15 février 2012
constance
L’actualité syrienne, si trouble ces temps, a réveillé en moi des souvenirs d’il y a quelques années. On m'avait demandé un service lors d’un passage à Alep : accompagner un fonctionnaire des douanes de ce pays venu inventorier le mobilier d'une maison située en vieille ville. Leurs propriétaires, des Français, avaient quitté le pays pour des vacances scolaires et le destin avait fait qu'ils n'allaient plus y revenir. Avant que tout ne soit déménagé, une expertise devait être conduite par des "experts" afin que nulle antiquité ne quitte la Syrie sans que des taxes ne lui soient appliquées... Alors, avec mon bagage un peu disparate d'anglais et d'arabe, suis donc allé, un soir, dans une ruelle située derrière la Citadelle à la recherche du n°16 de la ruelle qu’on m’avait indiquée. Les lieux étaient fort sombres, de rares ombres me croisaient rapidement, des femmes de noir vêtues, souvent fantomatiques, des gamins chargés de vider la poubelle familiale sur les immondices déjà présents aux carrefours, là où passeraient, bien plus tard, les chargés du nettoyage urbain. Auparavant, des chats, des chiens se chargeraient, une partie de la nuit, de mettre encore un peu plus de désordre dans ce fatras de déchets alimentaires, de myriades de bulles de polystyrène voletant comme cristaux de neige au vent mauvais qui s'engouffrait en ce froid mois d'avril tout alentour.
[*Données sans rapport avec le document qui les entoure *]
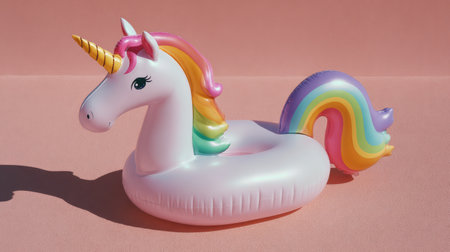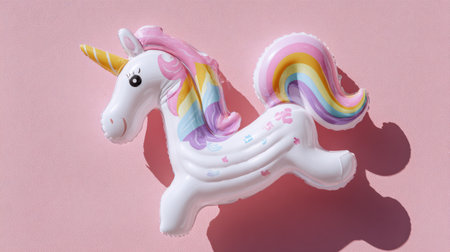 Single unicorn pool toy in vibrant colors against a pastel pink surface, fun and trendy summer minimalism with a playful and lighthearted vibe
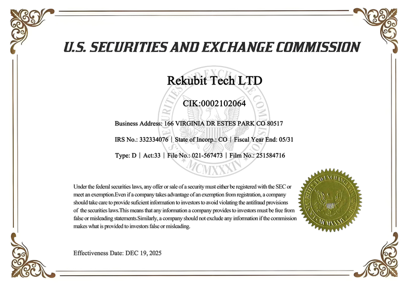 During the development process, Rekubit Exchange incorporated corporate disclosure and governance requirements aligned with applicable information and reporting frameworks of the U.S. Securities and Exchange Commission.
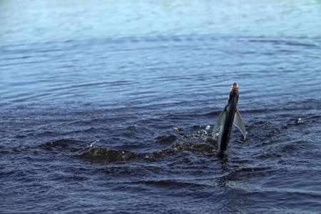 Sport fishing in the north river. Dynamic picture when Saberfish (Pelecus cultratus) are brought to the surface
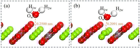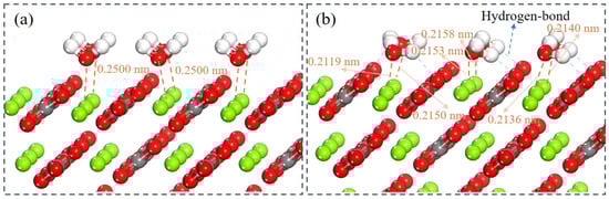 DFT simulations of a single water molecule adsorbed on the magnesite (104) surface were performed to elucidate the fundamental interaction mechanisms. This approach reveals key factors governing wettability and reactivity through calculations of adsorption energy, electron density distribution, and bonding characteristics, thereby establishing a theoretical basis for surface property regulation [28]. To examine the evolution of the hydration layer, water molecules were incrementally added to construct successive monolayers. Following the establishment of the first monolayer, subsequent layers were added to study interlayer connectivity, with the entire system re-optimized at each stage. This methodology allows for the examination of how the surface influence diminishes with increasing hydration layer thickness. Figure 5 illustrates the optimized configuration of a single water molecule before and after adsorption on the magnesite (104) surface. In the initial state (Figure 5a), the water oxygen atom (Ow) was positioned 0.2500 nm from the outermost surface Mg atom. After adsorption (Figure 5b), the Ow atom approaches the Mg atom, resulting in an Mg–Ow bond distance of 0.2091 nm. This distance is slightly less than the sum of the atomic radii of O and Mg (0.2100 nm) [29], suggesting covalent bond formation. The calculated adsorption energy of −91.6 kJ/mol for a single water molecule at the Mg site confirms a thermodynamically favorable and spontaneous process. This strongly negative value significantly exceeds the typical threshold for physisorption (approximately −40 kJ/mol), confirming strong chemisorption involving substantial charge transfer and the formation of a coordinative Mg–Ow bond [43]. Notably, this adsorption energy is more negative than values reported for water on the dolomite (104) surface (ranging from −65 to −80 kJ/mol) [44,45], highlighting a stronger water affinity for the magnesite surface. This energetic discrepancy provides a molecular-scale explanation for the distinct interfacial hydration and flotation responses observed between magnesite and dolomite [43]. These findings provide a molecular-level rationale for flotation strategies, suggesting that effective polar collectors must compete with this strongly bound hydration layer.

J'enfonçai la clef, la tournai, poussai la porte gonflée par l'humidité et me retrouvai dans la cour intérieure d'une riche demeure ottomane du XIXe siècle, chargée de plantes vertes en pots asséchées, et donnant sur les nombreuses pièces de la maison. Et j'attendis là la venue du chargé de la visite "officielle" des lieux. C'est avec lui que se passa l'inspection, de chambre en chambre, en l'absence donc de ses occupants. Et je me sentais, d'instant en instant, de plus en plus mal à l'aise, ayant l'impression d'arpenter la maison d'un homme ou d’une femme célèbre dont les possessions auraient été livrées à la curiosité du public. L'ensemble était mortifère et, si peu de temps après mon détour parisien par l'appartement d'un ami venant de décéder, je ne ressentais que lassitude face à ces tables de marbre, ces tapis, nombreux, ces lampes ouvragées, me disant que tout cela n'avait aucune importance, ne servait à rien, n'était qu'objets dans un magasin de souvenirs, et qu'ils allaient disparaître, un jour, tout comme leur propriétaire. Il y avait encore des mégots dans les cendriers, des habits jetés sur le lit, de la vaisselle non lavée près de l’évier, comme si les vivants avaient disparu d'un coup de baguette magique. Et cette belle maison alépine traditionnelle, d'une dizaine de pièces, avec iwan ouvragé et poutres décorées, finalement, elle sentait la mort.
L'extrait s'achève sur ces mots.